Robert King Carter's Correspondence and Diary

   A Collection Transcribed
        and Digitized
   by Edmund Berkeley, Jr.

List of Letters | About This Collection

Electronic Text Center , University of Virginia Library


Letter from Robert Carter to Micajah Perry, April 12, 1728

     Robert Carter writes to London merchant Micajah Perry, April 12, 1728, concerning the affairs and expenses of the Lloyd estate which he manages, including the head overseer's salary, tobacco being shipped, etc., and his insistence on payment for his work with the estate. He encloses a bill of exchange (not present).

Letter from Robert Carter to Micajah Perry, April 12, 1728

-1 -

Rappahannock, [Lancaster County, Virginia]     
Apl. the 12th: 1728

Micajh: Perry Esqr.

Sir --

     I am now taking my leave of Captain Keiling
I have drawn upon you Payable to him for £4"1" -- the Impost and
for the LL Tobacco and to be placed to that Account herein Send you
a bill of Exchange of his for £6:19: -- my own money and to be Carried to
my Credit,

     Since my Coming home I have Considered my Letters
of December last Via 4 (which I duplicated) and find I was so full
in them relating to the LL's Concern that I have the less to add here, I am
Suddenly to draw for £35 to Meeks the head Overseer which is his Ann
nual Salary for the care of that Estate, all the under Overseers Shares
are packed up in the Tobaccoes now coming to you which I must charge with
the other disbursements for the Year 1727. The Levys. The Quit rents, The
Clothes making. The rent. for four two plantations for working Twenty odd
of the hands &ca: Also I am to draw to Doctor Belfield £15 his Year's Salary

     My Demand of £30 a year for the care of this Estate for

-2 -

14 or 15 Years together I do insist upon and Claim as my due Lloyd
to [illegible] my knowledge paid a hundred a year, and I have heard but how true
it is I cant tell that in the Chancery Cause between your family & him
there was an Article charged of £100 per Annum for the management
of the Estate. how much of this was allowd or how the decree ended I
dont know. my Confidence is in you that you will take care to See
that I have right done me my former Letters will inform you what
a great deal of Trouble I have had and the personal care I have taken
from year to year in the Government of this Estate Since it has been in
my hands Shall therefore Conclude here

                  Your most humble Servant

per Captain Keiling


Source copy consulted: Robert Carter Letter Book, 1727 April 13-1728 July 23, Carter Family Papers, Virginia Historical Society, Richmond.

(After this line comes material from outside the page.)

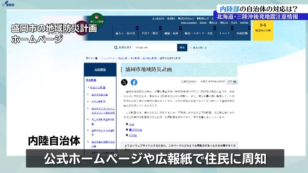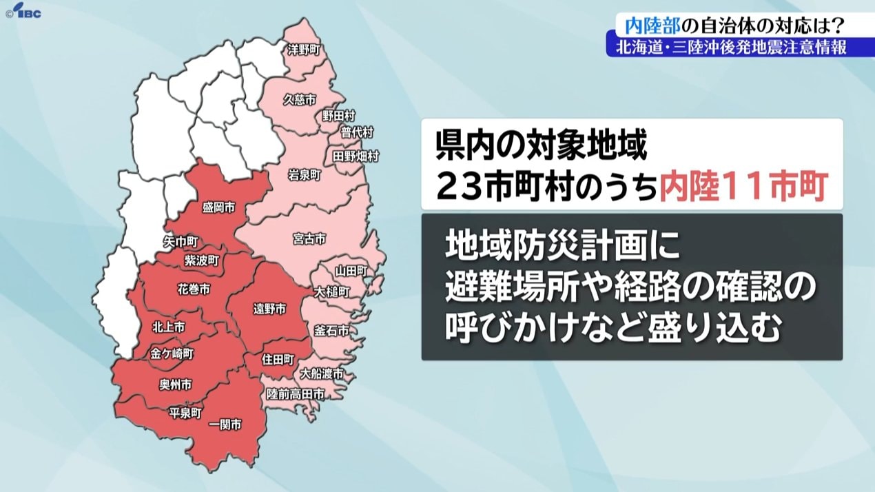 IBCが、県内23の市町村のうち、内陸部の11の市と町に取材をしたところ、いずれも地域防災計画を見直して、住民に避難場所や避難経路の確認といった備えを呼びかけることなどを盛り込んでいます。

Robert Carter generally used a return address of "Rappahannock" for the river on which he lived rather than "Corotoman," the name of his home, on his correspondence, especially to merchants abroad. The county and colony have been added for clarity to the heading on the draft.

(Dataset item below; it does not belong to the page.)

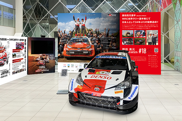 GAZOO Racing(以下、GR)は、TOYOTA GAZOO Racing World Rally Team(以下TGR-WRT)所属ドライバー・勝田 貴元のFIA世界ラリー選手権(以下、WRC)第3戦サファリ・ラリー・ケニア優勝を記念し、4月26日(日)よりミッドランドスクエア(愛知県名古屋市)において、勝田 貴元に関連するラリー車両を展示します。

[1] Captain William Keiling commanded the Betty. ( Survey Report 6800 summarizing Adm. 68/194, Virginia Colonial Records Project, Albert and Shirley Small Special Collections Library, University of Virginia. )

[2] The impost was the duty imposed by Britain on imported tobacco, and the cocket, for which a fee was charged, was the document bearing a cocket or seal issued by the "King's Customs House" that the impost had been paid. (See the definitions of each word in Oxford English Dictionary Online. )

[3] A bill of exchange is a kind of check or promissory note without interest. It is used primarily in international trade, and is a written order by one person to pay another a specific sum on a specific date sometime in the future. If the bill of exchange is drawn on a bank, it is called a bank draft. If it is drawn on another party, it is called a trade draft. Sometimes a bill of exchange will simply be called a draft, but whereas a draft is always negotiable (transferable by endorsement), this is not necessarily true of a bill of exchange. ( "Dictionary of Financial Scam Terms," 8/22/2005 )

[4] Quit rent was the term used for "a (usually small) rent paid by a freeholder . . . in lieu of services which might otherwise be required; a nominal rent paid (esp. in former British colonial territories to the Crown) as an acknowledgement of tenure," in this case, to the proprietors of the Northern Neck. Carter as the proprietor's agent, collected these payments. ( Oxford English Dictionary Online . Oxford University Press. )

This text, originally posted in 2004, was revised September 5, 2014, to add footnotes and strengthen the modern language version text.